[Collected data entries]
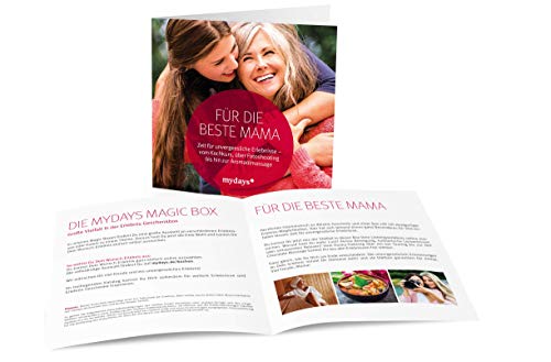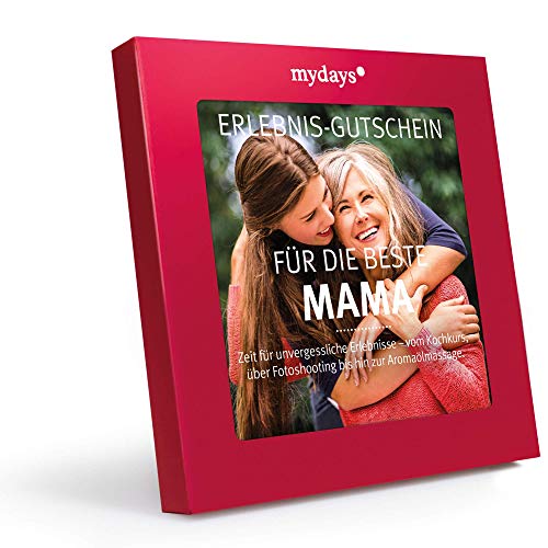 ? PERSÖNLICHES GESCHENK ZUM MUTTERTAG: Ein Gutschein für 1 Person zum Wohlfühlen und Genießen. Ein Geschenk für Mama, das maßgeschneidert und unvergesslich ist.. ? FREIE AUSWAHL: Über 80 Erlebnisse - zum Beispiel Massagen, Candle Light Dinner, Kriminal Dinner und Städtetrips! An über 700 Erlebnisorten, zum Beispiel Berlin, Hamburg, Köln, München und Stuttgart. ? GESCHENKBOX: In hochwertiger, roter Geschenkbox mit Broschüre zum Stöbern und Entdecken. ? SCHENKSICHERHEIT: Der Gutschein ist 3 Jahre lang gültig, frei übertragbar und kann jederzeit umgetauscht werden. ? EINFACH EINLÖSEN: 1. Gutschein-Code auf mydays.de eingeben 2. Erlebnis auswählen 3. Termin vereinbaren. 4. Erlebnis genießen
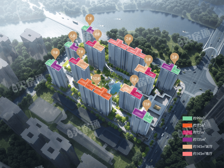 户型建筑面积约99-143平米,户户均拥有独立全明电梯厅,且可用面积约为109-163平米,是第四代高得房光幕奢宅。
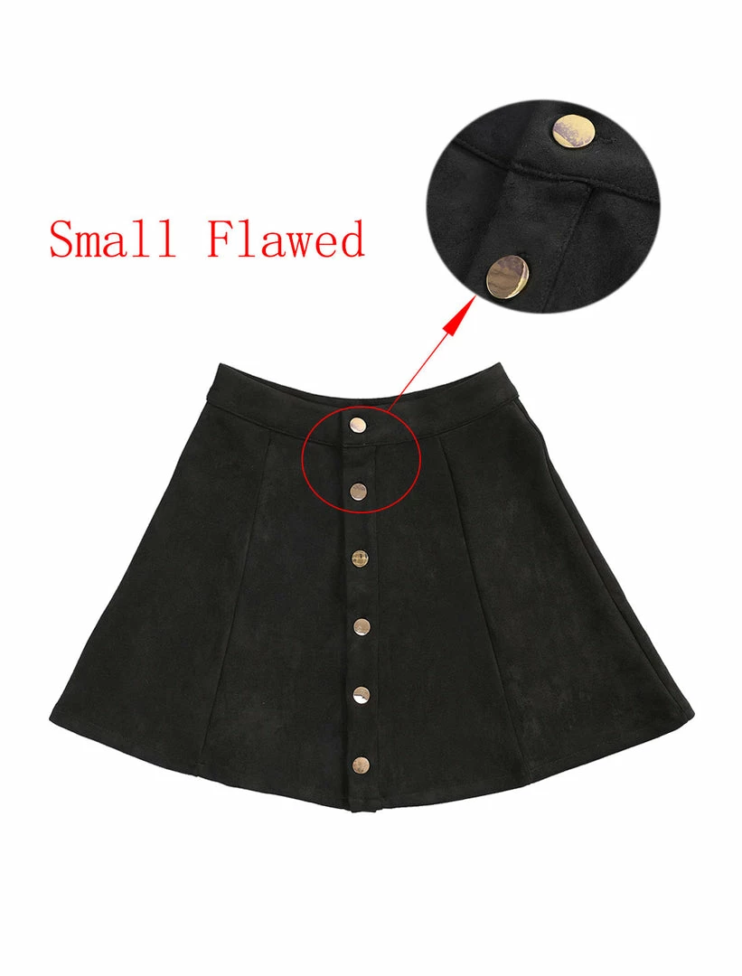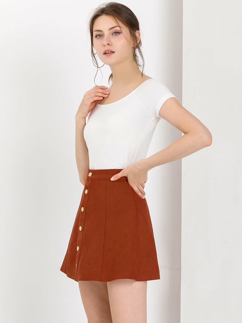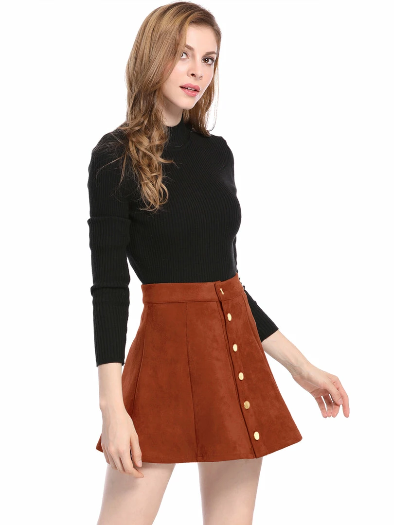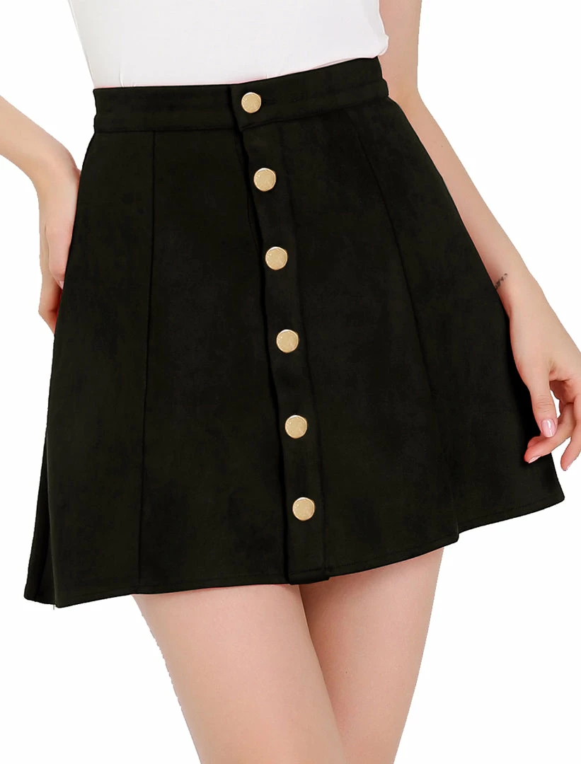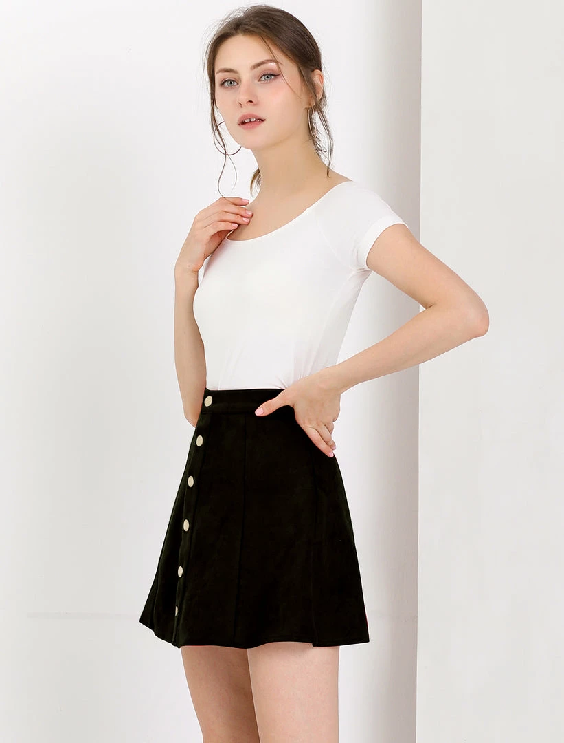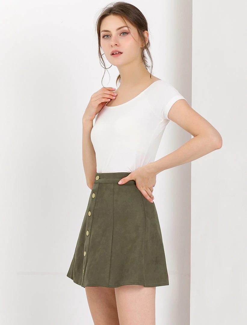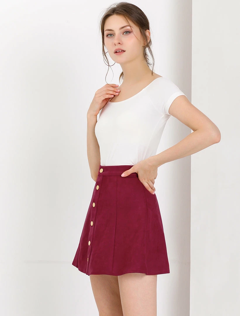• A button-front miniskirt made from supple faux suede gives off feminine mellow attitude while showing off plenty of leg.
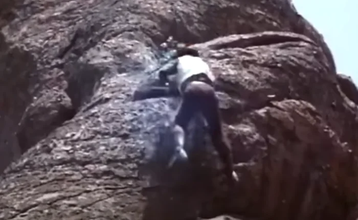 Даже в сложнейшей сцене падения со скалы мы видим не каскадера, а самого Стоянова. Нет, конечно в падении мы видим манекен, но вот срывался со скалы именно Стоянов, который был обвязан фиксирующей веревкой.
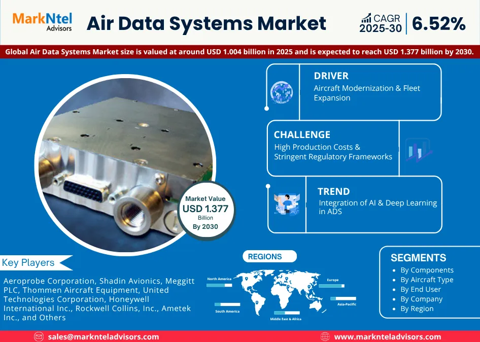 As per recent study by MarkNtel Advisors The Global Air Data Systems Market size is valued at around USD 1.004 billion in 2025 and is expected to reach USD 1.377 billion by 2030. Along with this, the market is estimated to grow at a CAGR of around 6.52% during the forecast period, i.e., 2025-30.

## What you are asked to do
Write out the whole of the data exactly; the pictures stay out.

## Task result
 ? PERSÖNLICHES GESCHENK ZUM MUTTERTAG: Ein Gutschein für 1 Person zum Wohlfühlen und Genießen. Ein Geschenk für Mama, das maßgeschneidert und unvergesslich ist.. ? FREIE AUSWAHL: Über 80 Erlebnisse - zum Beispiel Massagen, Candle Light Dinner, Kriminal Dinner und Städtetrips! An über 700 Erlebnisorten, zum Beispiel Berlin, Hamburg, Köln, München und Stuttgart. ? GESCHENKBOX: In hochwertiger, roter Geschenkbox mit Broschüre zum Stöbern und Entdecken. ? SCHENKSICHERHEIT: Der Gutschein ist 3 Jahre lang gültig, frei übertragbar und kann jederzeit umgetauscht werden. ? EINFACH EINLÖSEN: 1. Gutschein-Code auf mydays.de eingeben 2. Erlebnis auswählen 3. Termin vereinbaren. 4. Erlebnis genießen
 户型建筑面积约99-143平米,户户均拥有独立全明电梯厅,且可用面积约为109-163平米,是第四代高得房光幕奢宅。
• A button-front miniskirt made from supple faux suede gives off feminine mellow attitude while showing off plenty of leg.
 Даже в сложнейшей сцене падения со скалы мы видим не каскадера, а самого Стоянова. Нет, конечно в падении мы видим манекен, но вот срывался со скалы именно Стоянов, который был обвязан фиксирующей веревкой.
 As per recent study by MarkNtel Advisors The Global Air Data Systems Market size is valued at around USD 1.004 billion in 2025 and is expected to reach USD 1.377 billion by 2030. Along with this, the market is estimated to grow at a CAGR of around 6.52% during the forecast period, i.e., 2025-30.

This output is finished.